Giacino JT, Katz DI, Schiff ND, et al. Practice guideline update recommendations summary: Disorders of consciousness: Report of the Guideline Development, Dissemination, and Implementation Subcommittee of the American Academy of Neurology; the American Congress of Rehabilitation Medicine; and the National Institute on Disability, Independent Living, and Rehabilitation Research. Neurology. 2018 Aug 8 [Epub ahead of print].

FDA Approves Onpattro

The FDA has approved Onpattro (patisiran) lipid complex injection for the treatment of polyneuropathy of hereditary transthyretin-mediated (hATTR) amyloidosis in adults. The approval of Onpattro was based on results from a randomized, double-blind, placebo-controlled phase III study. Of 225 patients, 148 were randomized to Onpattro infusion once every three weeks for 18 months. The other participants were randomized to placebo infusion at the same frequency. The patients who received Onpattro had better outcomes on measures of polyneuropathy, including muscle strength, sensation, reflexes, and autonomic symptoms, compared with participants receiving placebo infusions. Patients receiving Onpattro also scored better on assessments of walking, nutritional status, and the ability to perform activities of daily living. Alnylam Pharmaceuticals, which markets Onpattro, is headquartered in Cambridge, Massachusetts.
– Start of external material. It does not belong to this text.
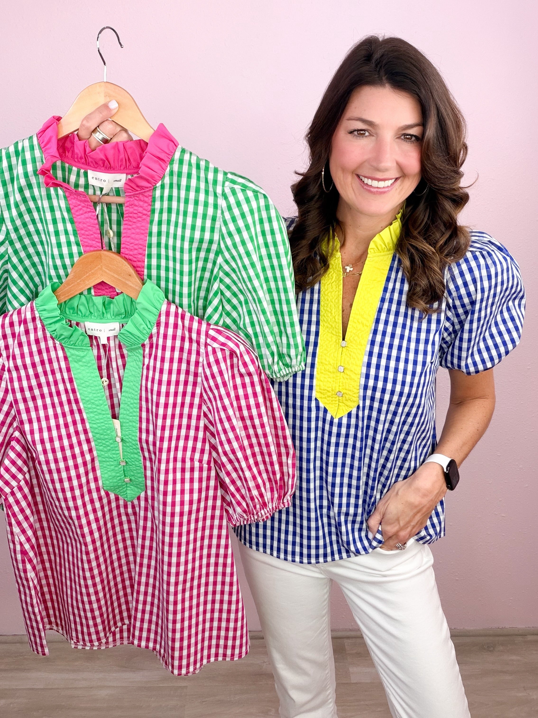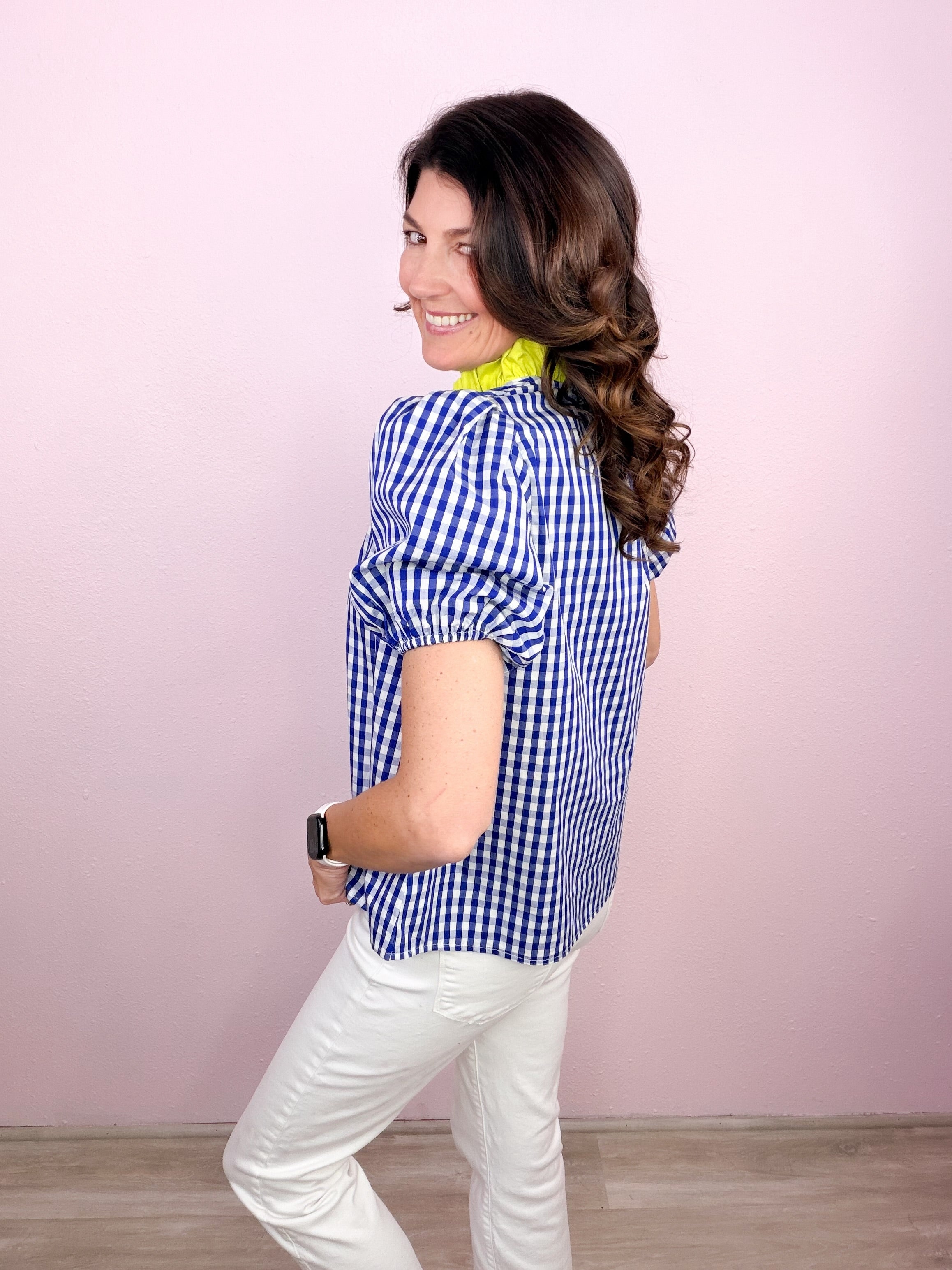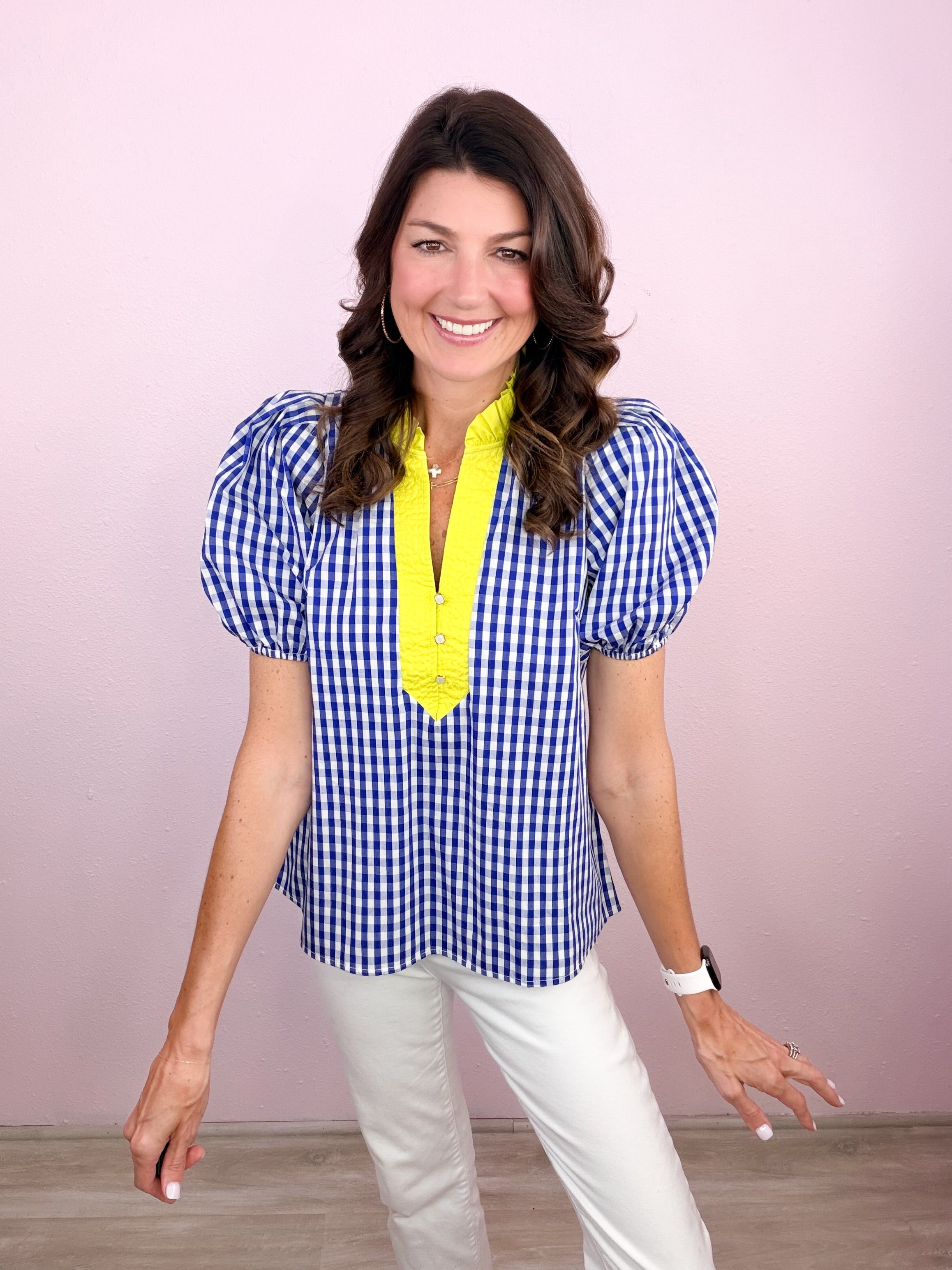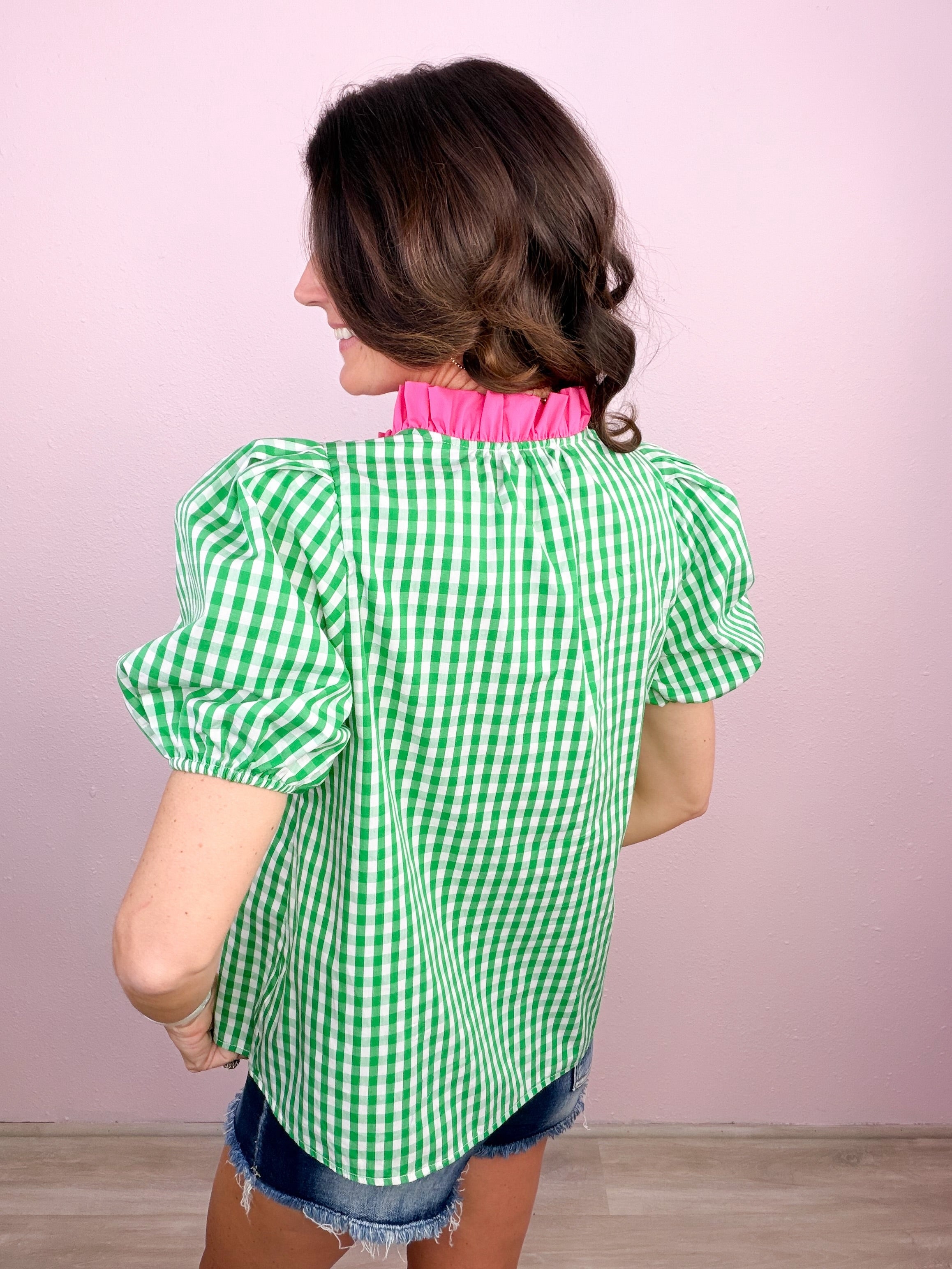 - Ruffled + contrast split neckline
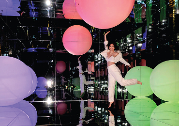 Past–Present–Future in one view; Bang Kachao against the skyline; telescope views toward Suvarnabhumi; after dark: Immersive Helium Chaotic Balls.

Ophthalmic Conditions May Indicate Increased Risk of Alzheimer’s Disease

People with recent diagnoses of glaucoma, established age-related macular degeneration, and recent and established diabetic retinopathy may have increased risk of Alzheimer’s disease, according to a study published online ahead of print August 2 in Alzheimer’s & Dementia. The investigators included 3,877 participants selected randomly from the Adult Changes in Thought study in their analysis. Participants were age 65 or older and did not have Alzheimer’s disease at the time of enrollment. During the five-year study, a committee of dementia experts diagnosed Alzheimer’s disease in 792 people. Patients with age-related macular degeneration, diabetic retinopathy, or glaucoma were at 40% to 50% greater risk of developing Alzheimer’s disease, compared with people without these eye conditions. Cataract diagnosis was not a risk factor for Alzheimer’s disease.

Lee CS, Larson EB, Gibbons LE, et al. Associations between recent and established ophthalmic conditions and risk of Alzheimer’s disease. Alzheimers Dement. 2018 Aug 2 [Epub ahead of print].